Prevalence estimates obtained from IARC data as described above.


# insert prevalence estimates
prev <- IARC_dat %>% dplyr::select(Cancer, `Cum. risk`) %>% mutate(prevalence.exposure = `Cum. risk`/100)

harmonised_dat_steigered <- left_join(harmonised_dat, prev, by = c('exposure' = 'Cancer')) %>%
  # approximate prevalence of Follicular lymphoma and Marginal zone lymphoma using DLBCL data
  mutate(prevalence.exposure = ifelse(exposure == 'Follicular lymphoma'|exposure == 'Marginal zone lymphoma', 0.0183, prevalence.exposure)) %>%
  # insert VTE prevalence
  mutate(prevalence.outcome = 0.002) %>%
  # add units 
  mutate(units.exposure = 'log odds', units.outcome = 'log odds') %>%
  # Glioma and Oesophageal cancer datasets did not have effect allele frequencies available (so missing eaf.exposure.
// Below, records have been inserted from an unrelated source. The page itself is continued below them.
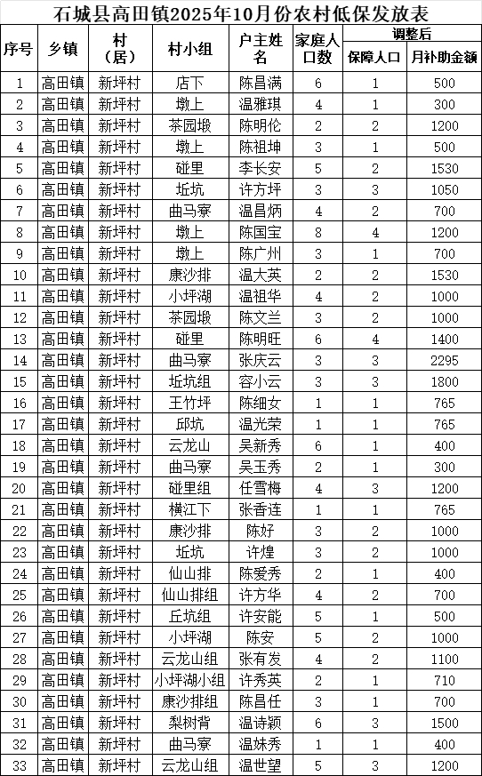【最低生活保障】石城縣高田鎮(zhèn)新坪村2025年10月份農(nóng)村低保發(fā)放公示
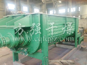 空心轴上密集排列着楔型中空浆叶,热介质经空心轴流经浆叶。单位有效容积内传热面积很大,热介质温度从-40℃到320℃,可以是水蒸汽,也可以是液体型:如热水、导热油等。间接传导加热,没有携带空气带走热量,热量均用来加热物料。热量损失仅为通过器体保温层向环境的散热。楔型浆叶传热面具有自清洁功能。物料颗粒与楔型面的相对运动产生洗刷作用,能够洗刷掉楔型面上附着物料,使运转中一直保持着清洁的传热面。浆叶干燥机的壳体为Ω型,壳体内一般安排二到四根空心搅拌轴。壳体有密封端盖与上盖,防止物料粉尘外泄而充分发挥作用。
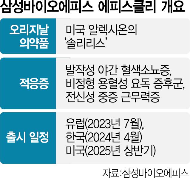 에피스클리는 미국 알렉시온이 개발한 희귀질환 치료제 솔리리스의 바이오시밀러다. 솔리리스는 의료 현장의 미충족 수요가 큰 대표적인 초고가 바이오의약품이다. 미국에서 발작성 야간 혈색소뇨증(PNH) 치료를 위한 연평균 투약 금액이 약 52만 달러(약 7억 6000만 원)에 이르는 것으로 알려져 있다.
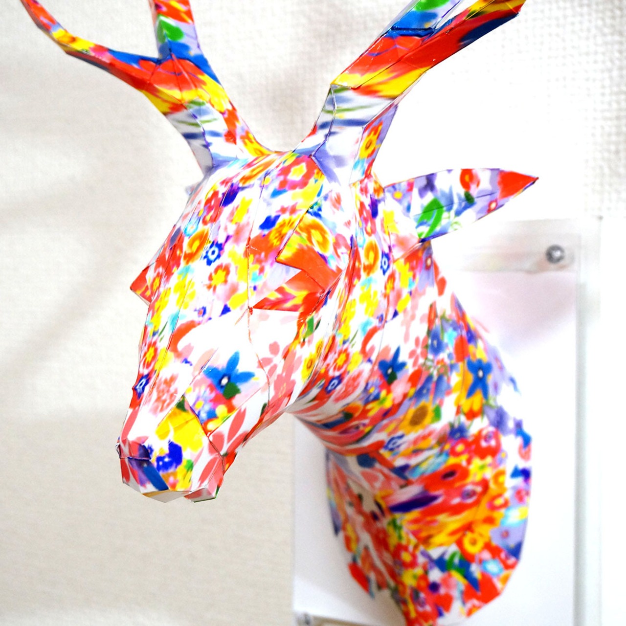 「ペーパークラフト技術を用いて制作した鹿のハンティングトロフィーになります。
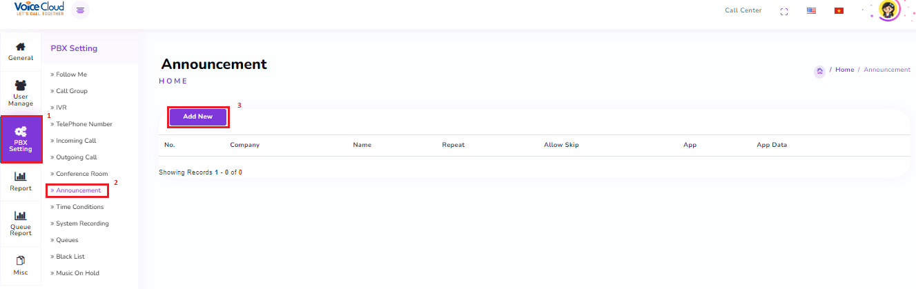 2.1 Follow Me 2.2 Call Group 2.3 Create IVR 2.4 Edit Incoming Call Settings 2.5 Create Announcement 2.6 Upload Greeting File 2.7 Create Time Condition 2.8 Create Queue
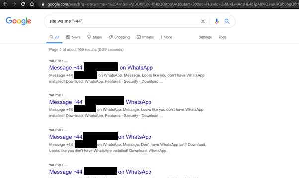 I have discovered this privacy issue in the WhatsApp web portal that leaked around 29000–300000 WhatsApp user’s mobile numbers in plaintext accessible to any internet user in plaintext. The number of numbers accessible to you may differ due to Google bot crawl daily and its indexes are updated, also the search results vary in google.com, google.co.in and similar regional TLD’s. User’s affected are from United States, United Kingdom, India and almost all other countries. What makes this easy or appears to be simple is that data is accessible on the open web and not on the dark web.

Since the data has already been harmonised and palindromic SNPs discarded as appropriate, I will approximate the eafs for these cancers using the VTE eafs
  mutate(eaf.exposure <- ifelse(is.na(eaf.exposure), eaf.outcome, eaf.exposure)) %>%
   # Perform Steiger filtering 
    steiger_filtering()
    mutate(mr_keep = ifelse(steiger_dir == F, FALSE, mr_keep)

supplementary table 7

supp_table6 <- left_join(harmonised_dat_steigered, coordinates, by = 'SNP') %>%
  # delete redundant columns and reorder columns
  select("SNP", "chr", "position", "exposure", "outcome", "effect_allele.exposure", "other_allele.exposure","effect_allele.outcome","other_allele.outcome", "eaf.exposure","eaf.outcome", "beta.exposure", "se.exposure", "pval.exposure", "ncase.exposure",         "ncontrol.exposure", "samplesize.exposure",  "beta.outcome", "se.outcome",    "pval.outcome", "ncase.outcome", "ncontrol.outcome", "samplesize.outcome", "units.exposure", "prevalence.exposure" ,"rsq.exposure", "units.outcome", "prevalence.outcome", "rsq.outcome", "palindromic","ambiguous",           
"steiger_dir", "steiger_pval", "mr_keep") %>%
  # round numeric columns
  mutate_at(vars(rsq.outcome, steiger_pval, pval.exposure), ~formatC(., format = "e", digits = 2)) %>%
  mutate_at(vars( 'rsq.exposure', 'beta.exposure', 'se.exposure', 'eaf.exposure'), ~(round(., digits=4))) %>%
  arrange(., desc(samplesize.exposure), chr, position)

calculate F-statistic

use the formula beta^2/se^2

# get a list of the exposure names
exposures <- harmonised_dat_steigered %>% distinct(exposure) %>% select(exposure) %>% unlist

# calculate F stat using the formula b^2/se^2
Fstat <- data.frame()
for (i in exposures) {
  temp <- harmonised_dat_steigered %>% filter(exposure == i) %>%
# filter for the SNPs which are going to be used in the MR (ie. Steiger direction = T and have harmonised correctly)
filter(mr_keep == T) %>%
    rowwise() %>% mutate(`Fstat` = (beta.exposure^2)/(se.exposure^2)) %>% select(exposure, Fstat)
  Fstat <- rbind(Fstat, temp)
}
rm(temp)
                                                                          
meanFstats <- Fstat %>% group_by(., exposure) %>% summarize(meanFstat = mean(Fstat))
rm(Fstat)

Power calculations

Calculate the power using the Rcode derived from the supplement in: Burgess 2014: https://academic.oup.com/ije/article/43/3/922/761826

# first split the harmonised data by exposure (using only the SNPs that are mr_keep: SNPs that will be used in MR)
list <- harmonised_dat_steigered %>% filter(mr_keep == T) %>% group_by(exposure) %>% group_split()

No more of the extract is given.